Bob Dylan Gospel Tour
- Poster to the concert in San Francisco, USA
- Location: North America
- Associated album: Slow Train Coming; Saved;
- Start date: November 1, 1979
- End date: May 21, 1980
- Legs: 3
- No. of shows: 79
- Website: www.bobdylan.com

Bob Dylan concert chronology
- World Tour (1978); Gospel Tour (1979–80); A Musical Retrospective Tour (1980);

= Bob Dylan Gospel Tour =

1979–80 concert tour by Bob Dylan

The Bob Dylan Gospel Tour was a concert tour by American singer-songwriter Bob Dylan that consisted of 79 concerts in North America in three legs, lasting from November 1, 1979, to May 21, 1980.

==Background==
In February 1978, Dylan initiated a ten-month World Tour that consisted of 114 concerts in ten countries. On June 15, Dylan released the album Street-Legal, which received poor reviews from most American critics. Performances on his world tour also received negative reviews. The physical demands of touring were also taking a toll on the artist. During a concert on November 17 in San Diego, someone from the audience threw a small silver cross on stage. Dylan later recalled in a 1979 interview:

Towards the end of the show someone out in the crowd ... knew I wasn't feeling too well. I think they could see that. And they threw a silver cross on the stage. Now usually I don't pick things up in front of the stage ... But I looked down at that cross. I said, 'I gotta pick that up.' So I picked up the cross and I put it in my pocket ... And I brought it backstage and I brought it with me to the next town, which was out in Arizona ... I was feeling even worse than I'd felt when I was in San Diego. I said, 'Well, I need something tonight.' I didn't know what it was. I was used to all kinds of things. I said, 'I need something tonight that I didn't have before.' And I looked in my pocket and I had this cross.
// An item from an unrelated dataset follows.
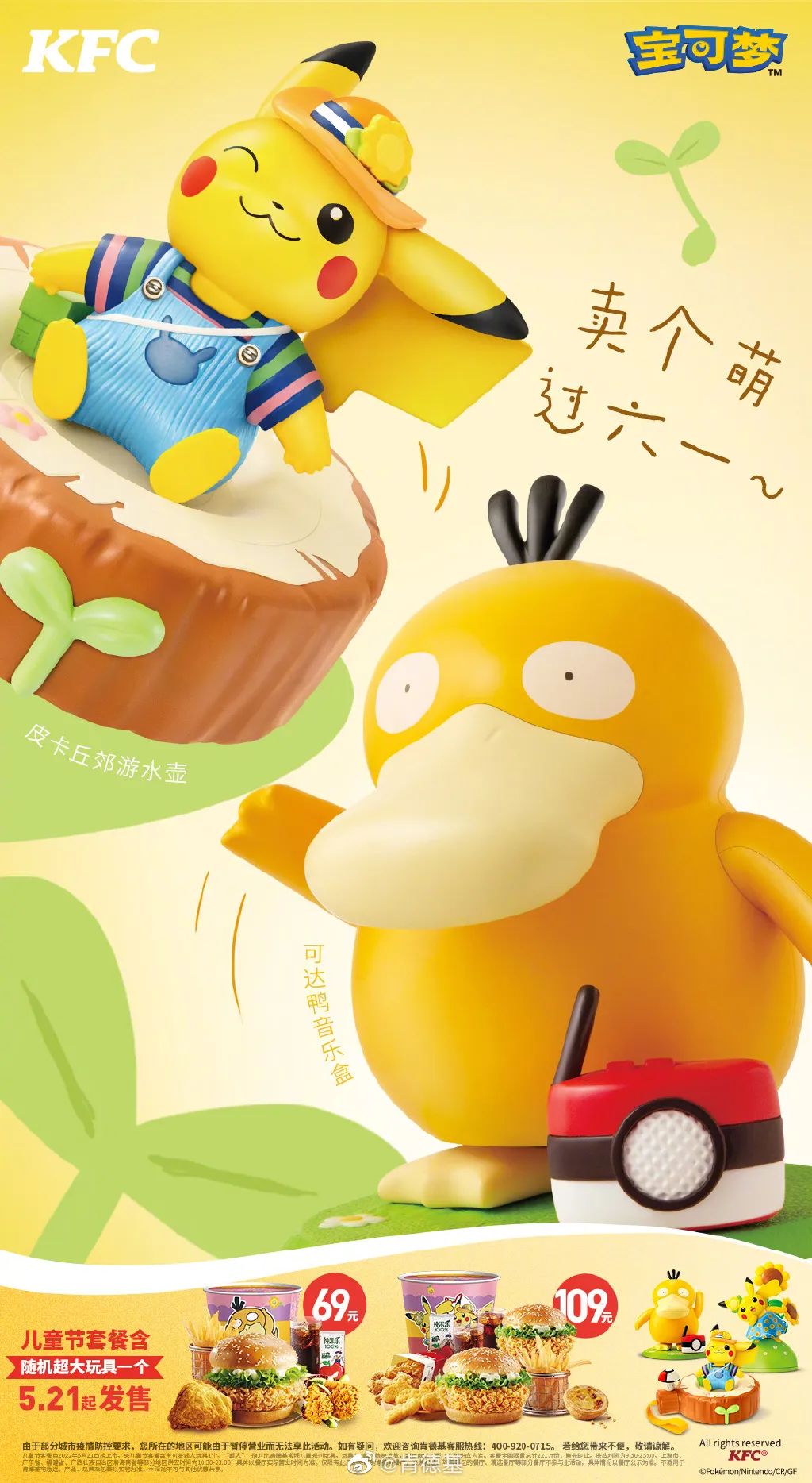 事实上,每年六一儿童节,肯德基都会与宝可梦联名推出相关食玩。只是过去的几年,宝可梦主推的形象一直都是皮卡丘。这次也不例外,皮卡丘形象的食玩在今年的联名中依旧占到了绝大部分,但真正引发抢购热潮的无疑还是这只鸭子。

Toward the end of his 1978 World Tour, Dylan began performing a new song during sound checks called "Slow Train"—a song with overtly Christian lyrics. During the final concert of the tour on December 16, 1978, in Hollywood, Florida, he performed another new song called "Do Right to Me Baby (Do Unto Others)", with lyrics centered around a Biblical passage from Matthew 7:12, "All things, therefore, that you want men to do to you, you also must likewise do to them; this, in fact, is what the Law and the Prophets mean."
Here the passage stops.